**What the task asks**
Take the lines in the listing below from the line with "of liquidity equilibrium." up to and including the line with "в шляпной коробке" and set them down exactly, skipping pictures and adding nothing.

**Record extracts**

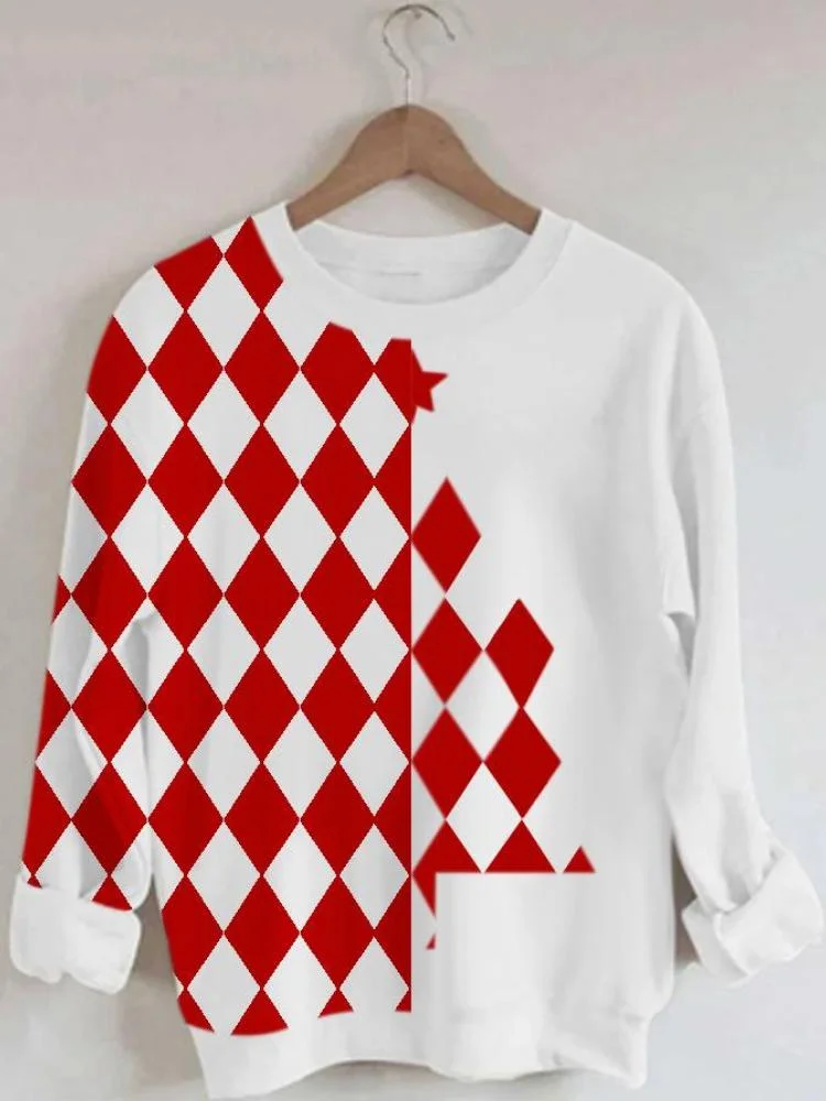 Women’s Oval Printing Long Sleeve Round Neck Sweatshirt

--

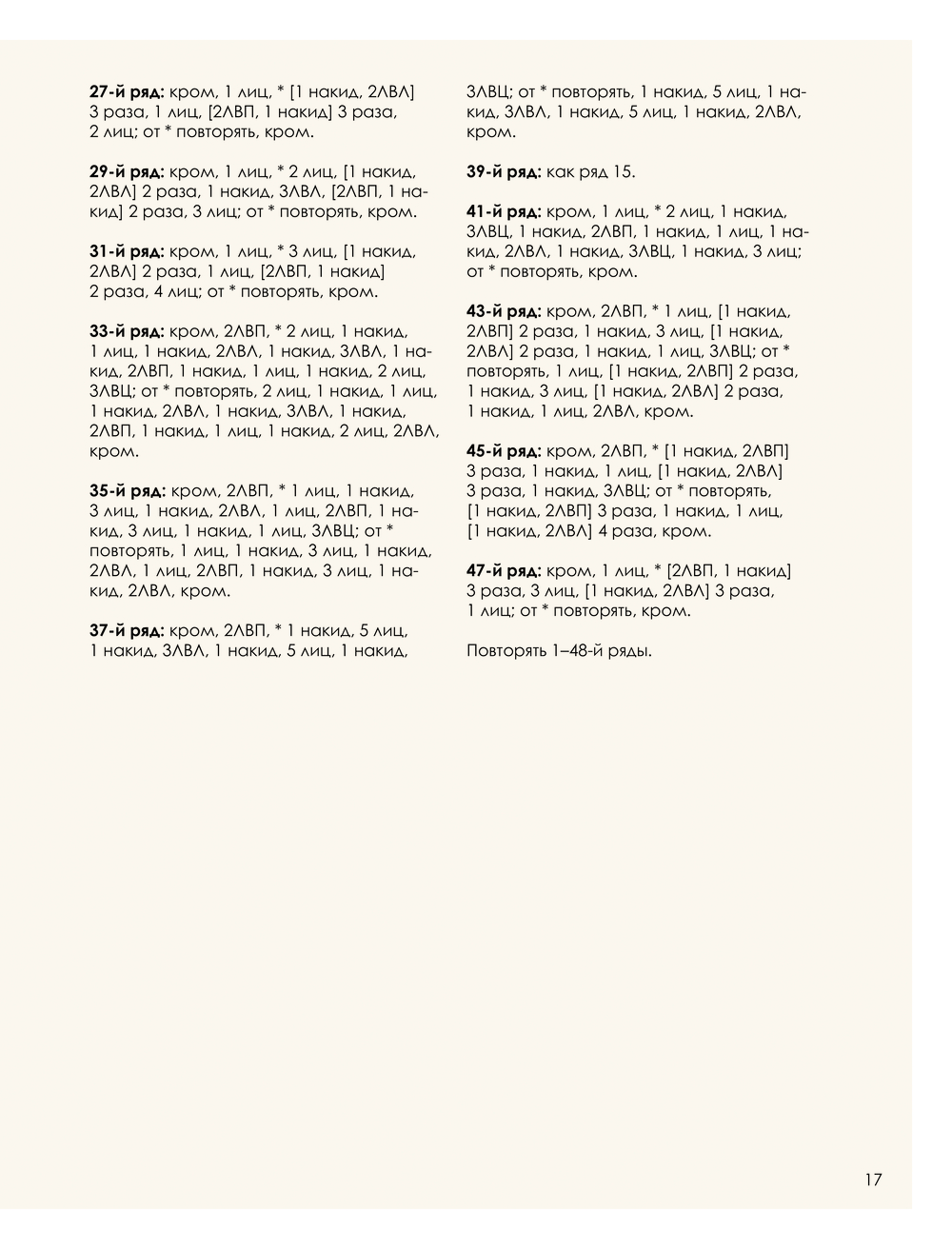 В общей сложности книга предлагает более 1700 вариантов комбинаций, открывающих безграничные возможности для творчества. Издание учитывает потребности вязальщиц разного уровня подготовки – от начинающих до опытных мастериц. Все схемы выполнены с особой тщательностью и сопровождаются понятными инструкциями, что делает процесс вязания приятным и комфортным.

==

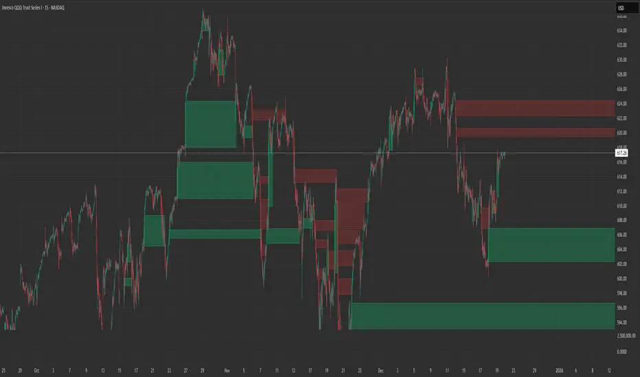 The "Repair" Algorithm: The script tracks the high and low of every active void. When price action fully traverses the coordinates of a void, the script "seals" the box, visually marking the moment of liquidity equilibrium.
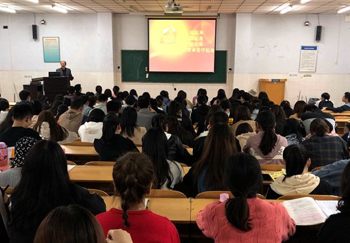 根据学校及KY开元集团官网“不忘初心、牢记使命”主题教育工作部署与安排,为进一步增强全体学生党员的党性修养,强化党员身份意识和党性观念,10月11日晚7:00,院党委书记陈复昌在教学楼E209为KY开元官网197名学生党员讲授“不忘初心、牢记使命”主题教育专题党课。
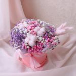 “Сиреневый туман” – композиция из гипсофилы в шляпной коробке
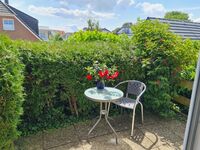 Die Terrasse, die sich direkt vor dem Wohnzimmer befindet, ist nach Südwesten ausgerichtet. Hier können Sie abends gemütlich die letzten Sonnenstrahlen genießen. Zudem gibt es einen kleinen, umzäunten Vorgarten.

**Completed exercise**
 The "Repair" Algorithm: The script tracks the high and low of every active void. When price action fully traverses the coordinates of a void, the script "seals" the box, visually marking the moment of liquidity equilibrium.
 根据学校及KY开元集团官网“不忘初心、牢记使命”主题教育工作部署与安排,为进一步增强全体学生党员的党性修养,强化党员身份意识和党性观念,10月11日晚7:00,院党委书记陈复昌在教学楼E209为KY开元官网197名学生党员讲授“不忘初心、牢记使命”主题教育专题党课。
 “Сиреневый туман” – композиция из гипсофилы в шляпной коробке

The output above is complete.